Jest on stosunkowo łatwy do rozpoznania po jasnobrązowym kapeluszu upstrzonym białymi kropkami. Te czasami mogą zostać zmyte po długotrwałych deszczach. Skrajne przypadki pokazuję na przykładzie podsuszonych owocników z ulicy Promiennej w Jaworznie oraz okolicy Centrum Handlowego w Sosnowcu Jęzorze.
Więcej informacji przekazuję na tle owocników widzianych w takim sobie borze przy północnym brzegu zalewu Dziećkowickiego zwanego też patriotycznie Jeziorem Imielińskim. Było ich tam sporo w różnych stadiach rozwoju. Najbardziej w oczy rzucają się rozmaite odcienie brązowej barwy kapelusza. Ten jest na brzegu prążkowany. Pod spodem znajdują się gęste białe blaszki.
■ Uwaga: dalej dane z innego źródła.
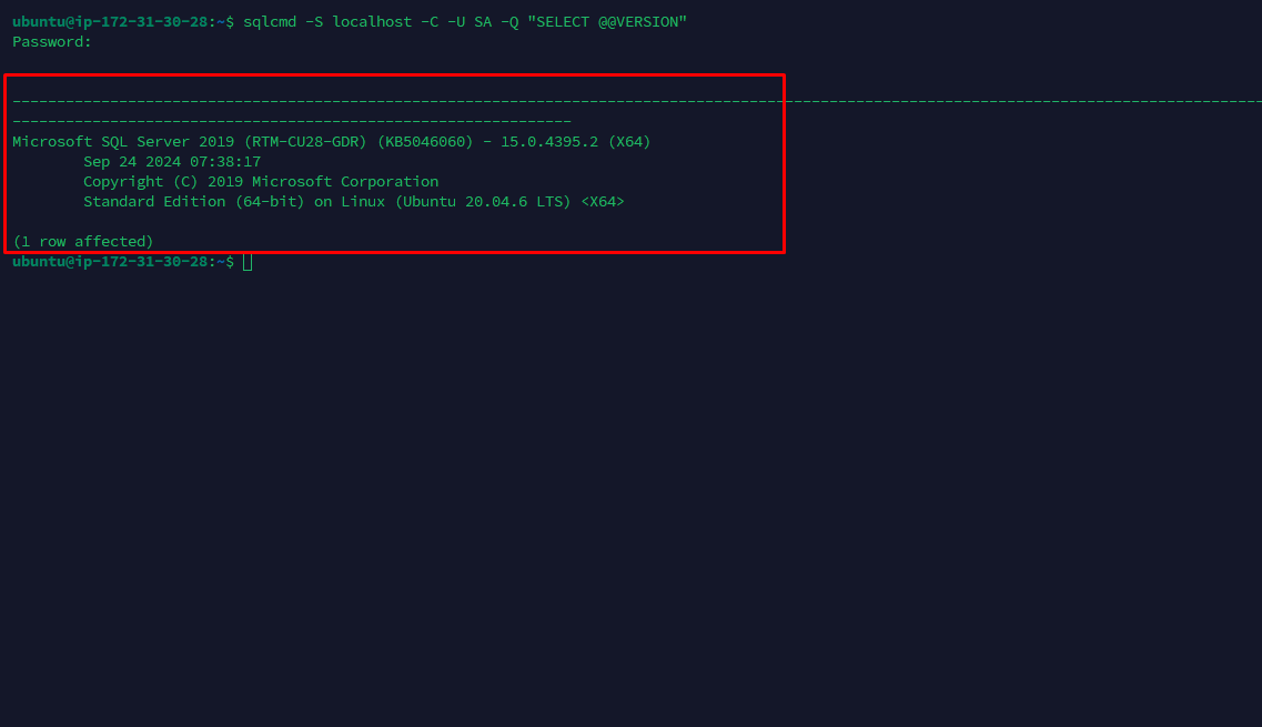 2. Verification: The output should return the SQL Server version information (e.g., Microsoft SQL Server 2019 ... on Linux (Ubuntu 20.04.6 LTS)).

Potem mamy biały trzon z pierścieniem przypominającym sukienkę. W końcu mamy bulwiastą nasadę, nad którą znajdują się resztki osłony przypominające wywiniętą skarpetę.
Nasz bohater ma specyficzny mdły zapach, ale łagodny smak, który może zmylić zachłannych grzybiarzy. Kolejną zmyłką są ślady żerowania ślimaków oraz to, co elegancko zwiemy bogatym życiem wewnętrznym. Warto wiedzieć, że nie tylko w tym przypadku zwierzęta wrażliwe na toksyny grzybowe dawno wymarły lub w jakiś sposób nauczyły się, które z darów natury należy omijać.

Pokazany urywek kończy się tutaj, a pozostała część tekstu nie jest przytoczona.